COLLECTED MATERIAL |
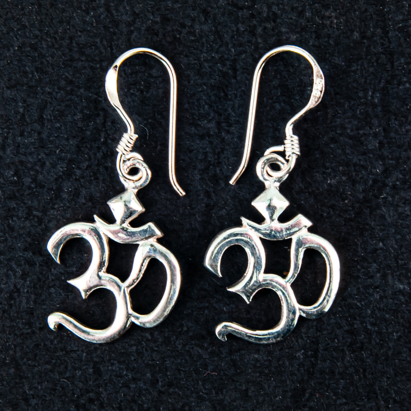 Elegantní stříbrné náušnice ve tvaru symbolu Óm.
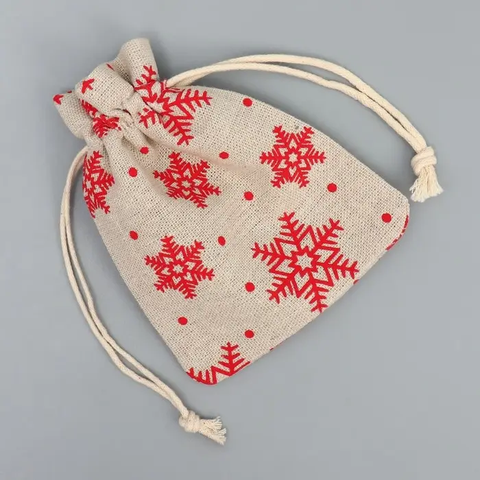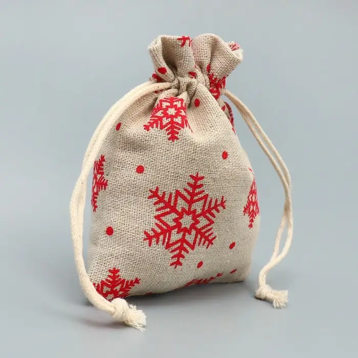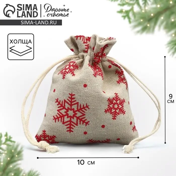 Мешочек подарочный холща «Новогодние ожидания», снежинки, холща, 10 х 12 см +/- 1.5 см
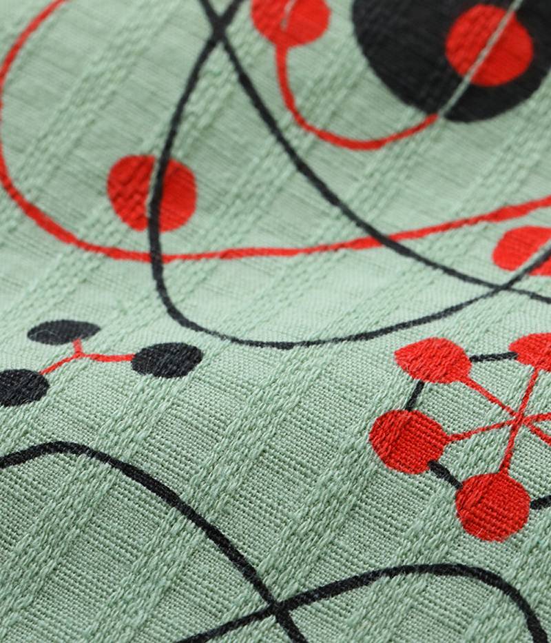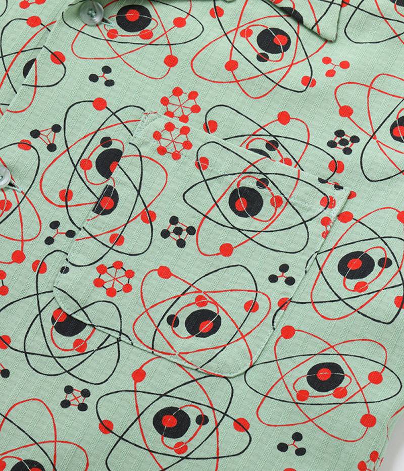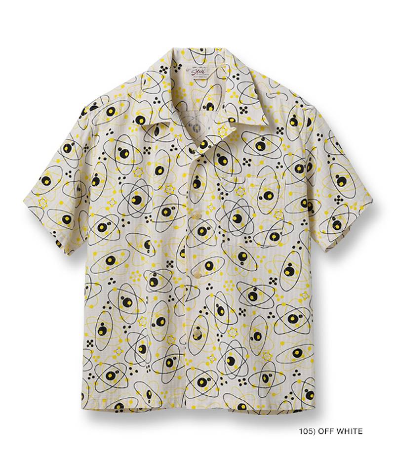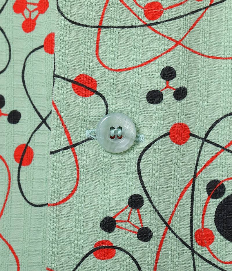 | Atomic patterns, consisting of circles and ellipses, were popular among artists in the 1950s, and were commonly known as "atomic" abstractions. In the vintage market, atomic patterns are found on fabrics such as curtains and lampshades, as well as on women's dresses. However, among them, men's shirts are very rare and highly valued for their artistic designs. Mid 1950s / Dobby Cotton / Over Print |

WHAT TO DO |
When you retype the data above, match every line exactly and leave the pictures behind.

ANSWER TO THE EXERCISE |
 Elegantní stříbrné náušnice ve tvaru symbolu Óm.
 Мешочек подарочный холща «Новогодние ожидания», снежинки, холща, 10 х 12 см +/- 1.5 см
 | Atomic patterns, consisting of circles and ellipses, were popular among artists in the 1950s, and were commonly known as "atomic" abstractions. In the vintage market, atomic patterns are found on fabrics such as curtains and lampshades, as well as on women's dresses. However, among them, men's shirts are very rare and highly valued for their artistic designs. Mid 1950s / Dobby Cotton / Over Print |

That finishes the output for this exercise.